• **What this task involves**
Once you reach the line with "St John's Anglican Church, Cooks Hill" in the material below, copy each line exactly up to and including the line with "Olde town athlete arvada", and skip the pictures.

______________________________

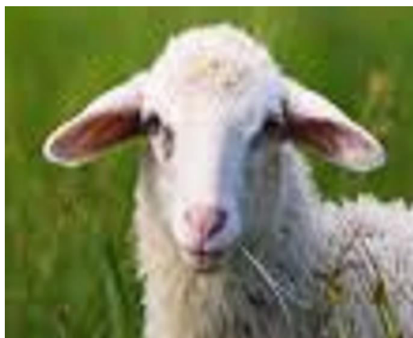
Figure 2. Input image
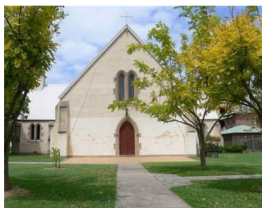
St John's Anglican Church, Cooks Hill

Quiet room: A well- prepared quiet room is available off the front foyer.
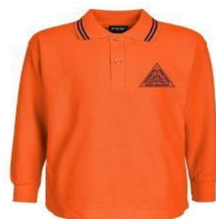
Orange Long Sleeve Polo Shirt
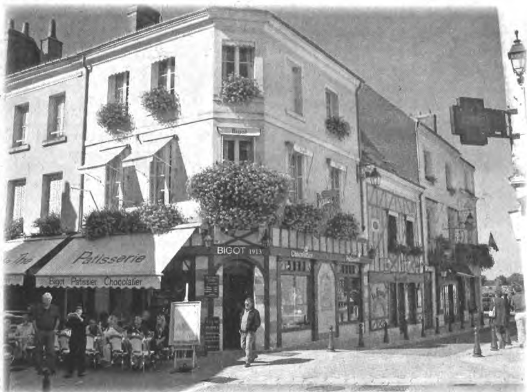
The charming village of Amboise.

We spent three nights in Honfleur, two nights in Bayeux, two nights in Mont-Saint-Michel, four nights in Amboise and the last night at a former hunting lodge in the CDG airport area.
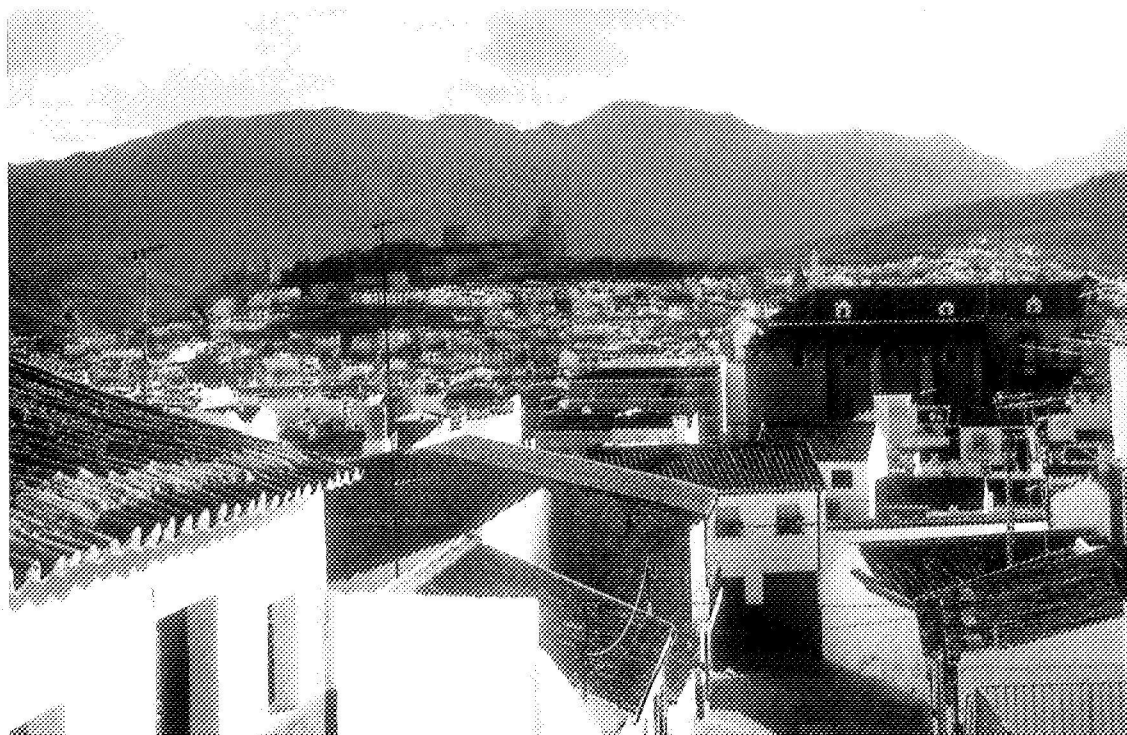
Figure 4. A residential area of traditional housing

of houses in Antequera had a mains water supply and electric power. In many, cooking and heating infrastructure was rudimentary (Sistema Estadístico de Andalucía, 2001). It is perhaps not too surprising, therefore, that many households prefer a modern apartment or house with modern facilities (de Miguel, 1998). Manifestly, this presents a major problem for the conservation of the most typical and fundamental features of the urban landscape. As modern, internationally influenced houses and flats replace smaller, vernacular style cottages, the cumulative impact on the townscape is considerable.
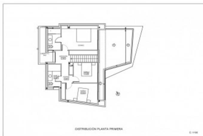
DISTRIBUCIÓN PLANTA PRIMERA
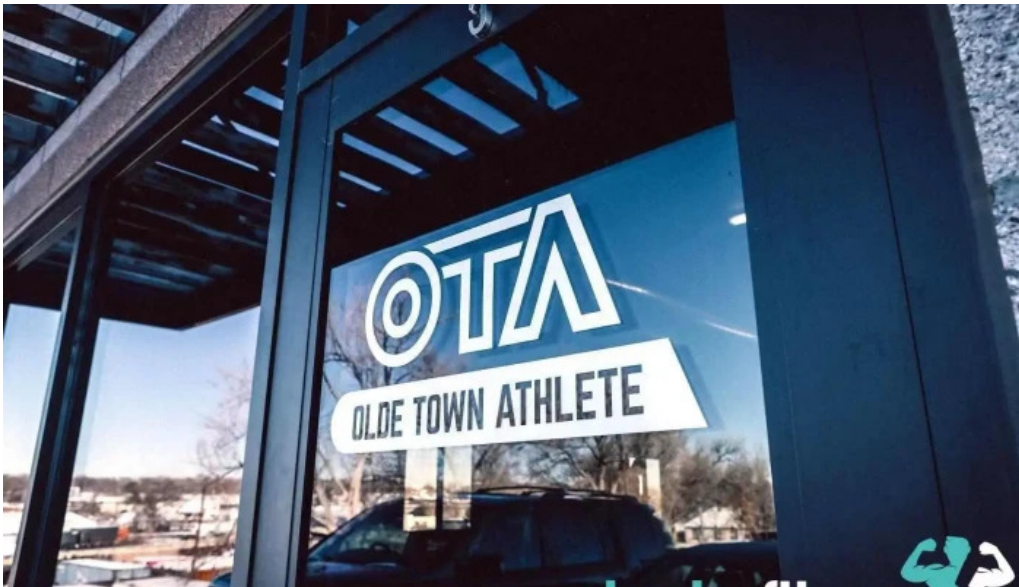
Olde town athlete arvada
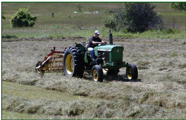
Figure 4. Dried forage being raked into windrows.

After cutting, the hay should remain in the field to dry or “field cure.” The dried or cured forage is then raked (Figs. 4 and 5) into windrows that are the width of the take-up header of the baler. Sometimes a heavy dew, high relative humidity, or rain will cause the windrow to be dry on top but wet underneath. When this happens you can use an implement called a tedder to turn the windrow over to help it dry (Fig. 6). Once the moisture content in the windrow has reached the appropriate level, the forage can be baled into round or square bales.
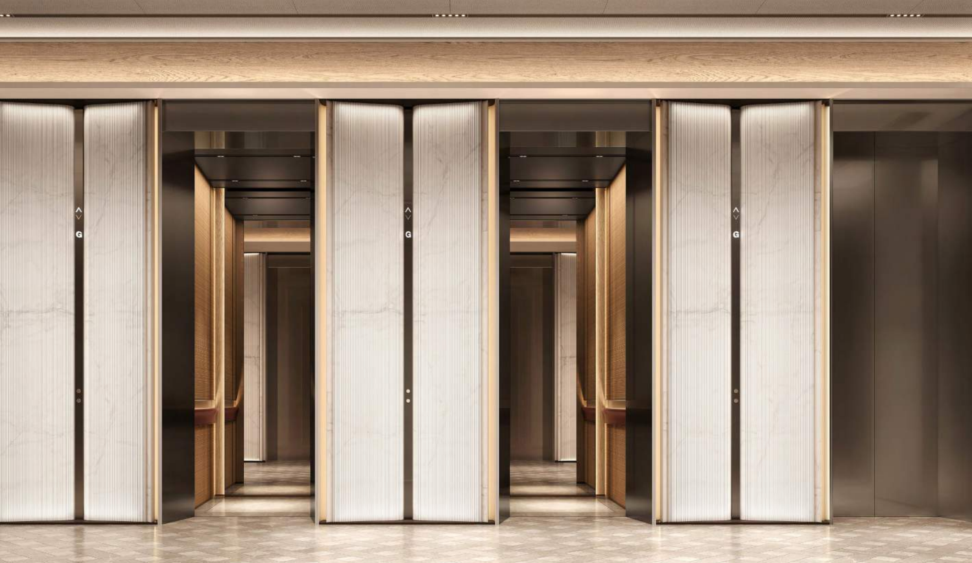
GROUND FLOOR LIFT LOBBY
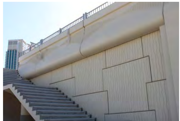
Sectors 2 & 3 Al Reem Island Development Abu Dhabi
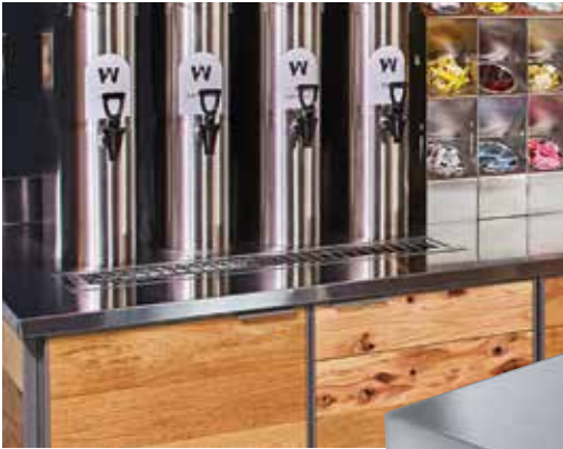
STAINLESS STEEL The ultimate in durable good looks that last and last.

Countertops are key consumer touchpoints and can serve as an unmistakable expression of brand quality. Royston countertops, with their abundance of finishing choices, will make store customers and employees feel right at home.
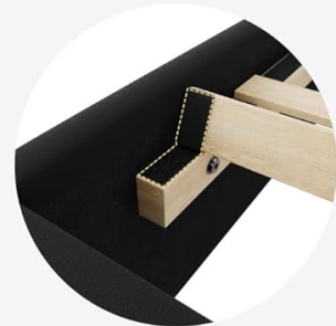
Easy to Assemble
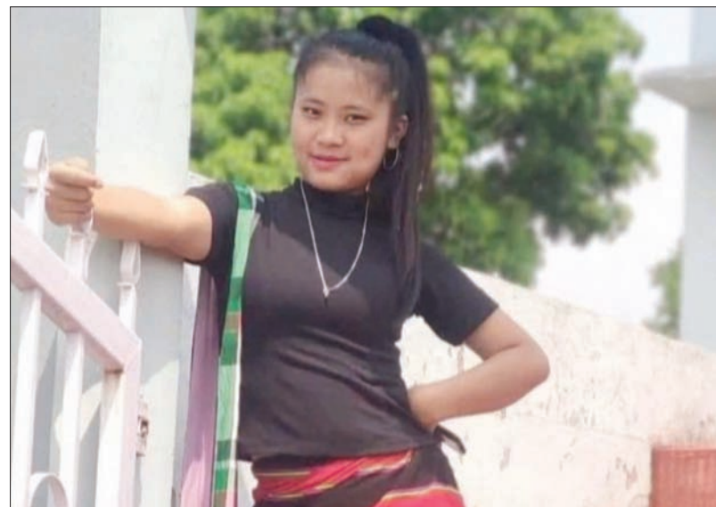
sisted by local volunteers after she went missing from her residence on December 1.

The highly decomposed body of Marina, a resident of Tahnrl in the western outskirts of Aizawl, was recovered near MZU football ground on December 13 following intensive search by police as-
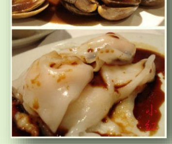
Food! Food! Food!
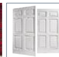
SIDE HINGED SENATOR DOOR SPLIT 1/2:1/2
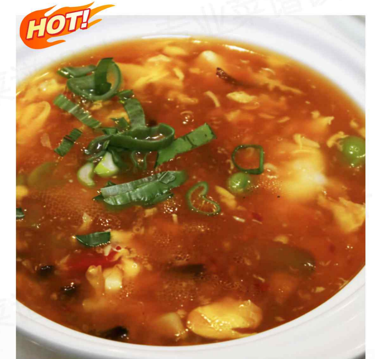
026 Spicy & sour seafood soup 酸辣海鲜汤 £ 7.50
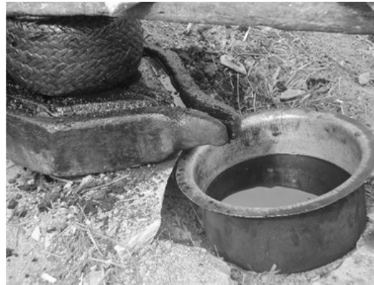
Fig. 4. Traditional process of oil extraction using Tsermoo and Merkang
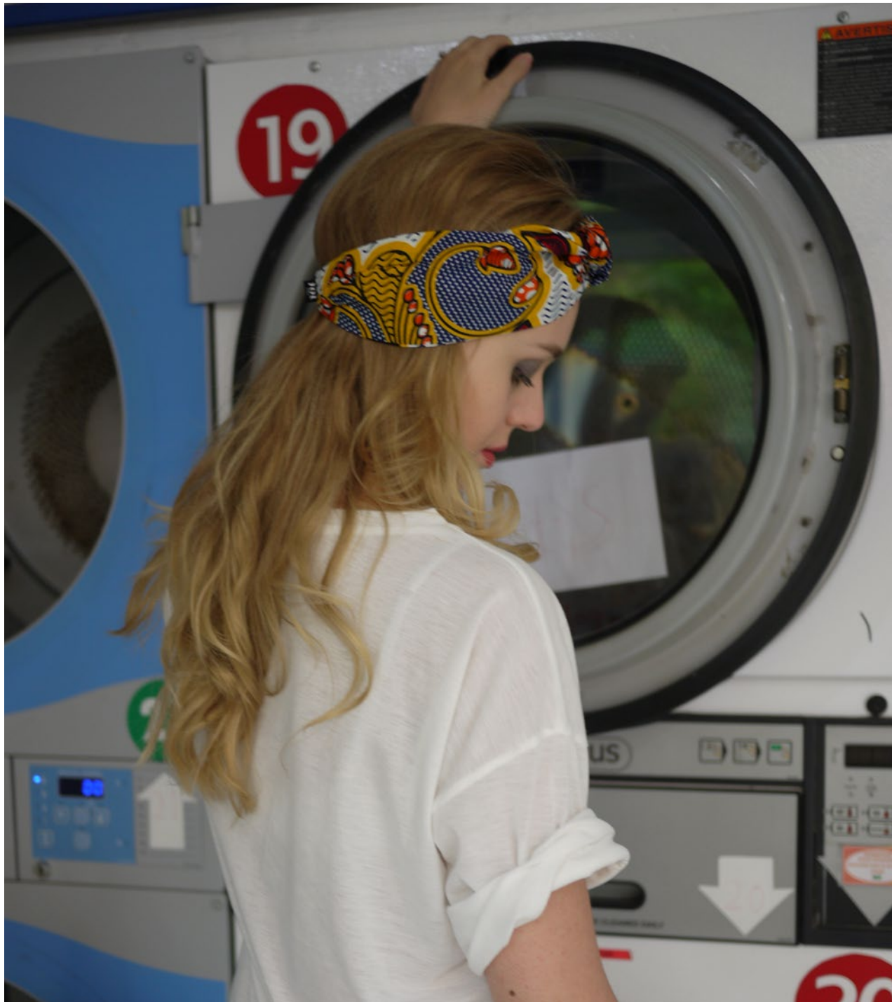
Headband Ona - Made in Paris
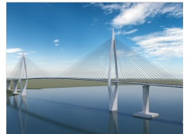
The composite image of the Mombasa Gate Bridge
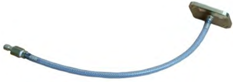
Part# DFS 910-34-1 Duramax Diesel 6.6L
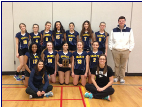
The girls are all smiles as they pose for a team photo with their second place plaque.

In regular league play, the girls have been 3-0 to start January. Last Monday they defeated Woodland in four sets. It was a great team effort that included battling back to win the third set after being down 24 to 19.
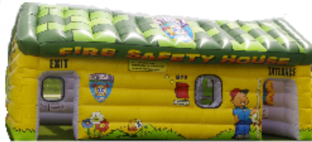
Guntersville Fire Department "Fire Safety House" will be onsite for everyone to enjoy!

Guntersville Police Department will be offering Finger Printing Services

______________________________

• **Problem solution**
St John's Anglican Church, Cooks Hill

Quiet room: A well- prepared quiet room is available off the front foyer.
Orange Long Sleeve Polo Shirt
The charming village of Amboise.

We spent three nights in Honfleur, two nights in Bayeux, two nights in Mont-Saint-Michel, four nights in Amboise and the last night at a former hunting lodge in the CDG airport area.
Figure 4. A residential area of traditional housing

of houses in Antequera had a mains water supply and electric power. In many, cooking and heating infrastructure was rudimentary (Sistema Estadístico de Andalucía, 2001). It is perhaps not too surprising, therefore, that many households prefer a modern apartment or house with modern facilities (de Miguel, 1998). Manifestly, this presents a major problem for the conservation of the most typical and fundamental features of the urban landscape. As modern, internationally influenced houses and flats replace smaller, vernacular style cottages, the cumulative impact on the townscape is considerable.
DISTRIBUCIÓN PLANTA PRIMERA
Olde town athlete arvada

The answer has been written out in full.